Public shareholders should wield their power

By Guest Contributor
March 31, 2011

David H. Webber, courtesy BU Photo Services - David H. Webber is a Boston University School of Law professor. The opinions expressed here are his own -

Like a well-armed, well-trained army standing idly by while the citizens it is supposed to protect get crushed, public pension funds have done little to protect public employees from the well-financed corporate attack on their rights.  It’s time they join the fight.

Public pension funds invest the retirement savings of public workers, with total assets of around $2.7 trillion.  One out of 10 U.S. corporate securities is owned by public pension funds — in other words, owned by public employees.  Skillful use of this shareholder power could swiftly and decisively push back the power of corporate lobbies and help fend off attacks on workers.

Consider an example.  Last year, a senior adviser of Blackstone Group, one of the world’s largest financial advisers with $111 billion in assets, publicly touted the standard line about how public employees are purportedly overcompensated.  But last month, the company released an extraordinary public statement:  “Blackstone’s view on public employee pensions is clear and unambiguous … We oppose scapegoating public employees by blaming them for the structural budget deficits that cities and states face.”
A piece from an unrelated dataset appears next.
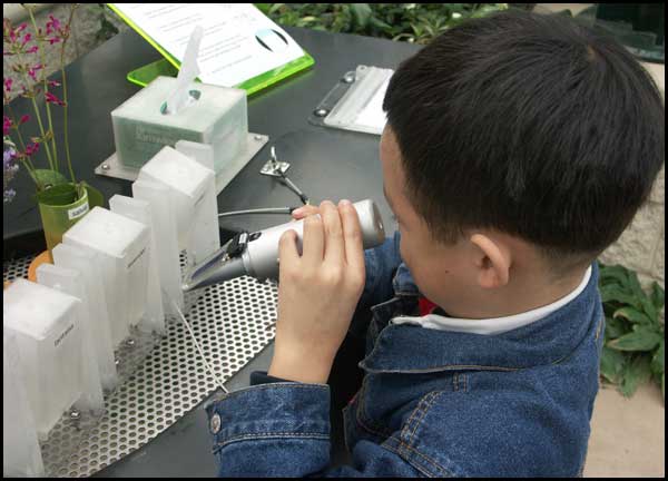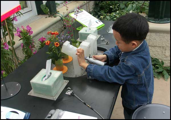 ![]() Using the refractometer to test how sweet the nectars are from different flowers. |

What prompted this paean to public workers from one of Wall Street’s most elite institutions?   Answer: 37% of Blackstone’s assets belong to state and local public pension funds.  Unhappy with what it perceived to be Blackstone’s wavering commitment to these workers, New York City’s public-pension fund recently cancelled a meeting with the company.  The Blackstone flip-flop took place right afterwards.

Blackstone is not alone in its constant pursuit of public-employee money to invest.  Wall Street and the corporate elite participate in a nearly constant effort to attract labor’s massive capital, with money managers hoping to profit from management fees and corporations hoping to boost share price and broaden their investment base.  Public pension assets constitute an untapped source of public employee power.  Here are examples of how they can start using it.
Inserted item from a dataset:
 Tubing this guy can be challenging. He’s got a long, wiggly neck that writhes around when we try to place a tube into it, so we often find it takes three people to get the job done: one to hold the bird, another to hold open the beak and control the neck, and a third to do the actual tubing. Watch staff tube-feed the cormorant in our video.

It is widely understood that corporate interests have helped fund, through campaign contributions or through donations to lobbies and other organizations, entities that support attacks on the jobs and retirement security of public employees.

Public pension funds should contact the management of these companies to oppose the use of their shareholder dollars against the interests of public employees.  In a Wall Street and corporate world in which competition for state and local pension fund money is fierce, even the mere expression of displeasure without any further concrete action could obtain surprisingly effective results.
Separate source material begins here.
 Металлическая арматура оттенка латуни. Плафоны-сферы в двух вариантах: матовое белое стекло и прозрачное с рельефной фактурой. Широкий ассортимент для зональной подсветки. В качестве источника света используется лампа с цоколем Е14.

Public employees should also demand that their pension funds undertake an immediate review of the funds’ current investment portfolio.  The review should specifically determine if the funds invest with entities that threaten the employment or retirement security of public employees.

In the aftermath of Citizens United, in which the Supreme Court opened the door to direct corporate funding of elections, such internal reviews are imperative to make sure that public employee money is not being spent by corporations to attack public employees.

Second, for any bank or corporation or investment manager that is unwilling to stop using public pension moneys to attack public employees, fund board members and investment staff should begin assessing the viability of investment alternatives.  The funds should identify investments of equal risk profile and profit potential, and consider shifting their investments, if possible, to entities that do not fund attacks on public-employee rights.  They should establish policies to guide such decisions in accordance with the fund’s fiduciary duties to its participants.

Imagine the impact these steps could have if taken by public pension funds across the country who manage trillions of dollars in assets.  By insisting that public employees’ own retirement savings not be used against them, these funds could make sure that their shareholder dollars are not being abused for political purposes, but are being invested towards companies that are focused on pursuing profits and increasing shareholder value.

Public employees have been unfairly attacked by well-funded antagonists.  It’s time they start putting their own money to work in the fight for their rights.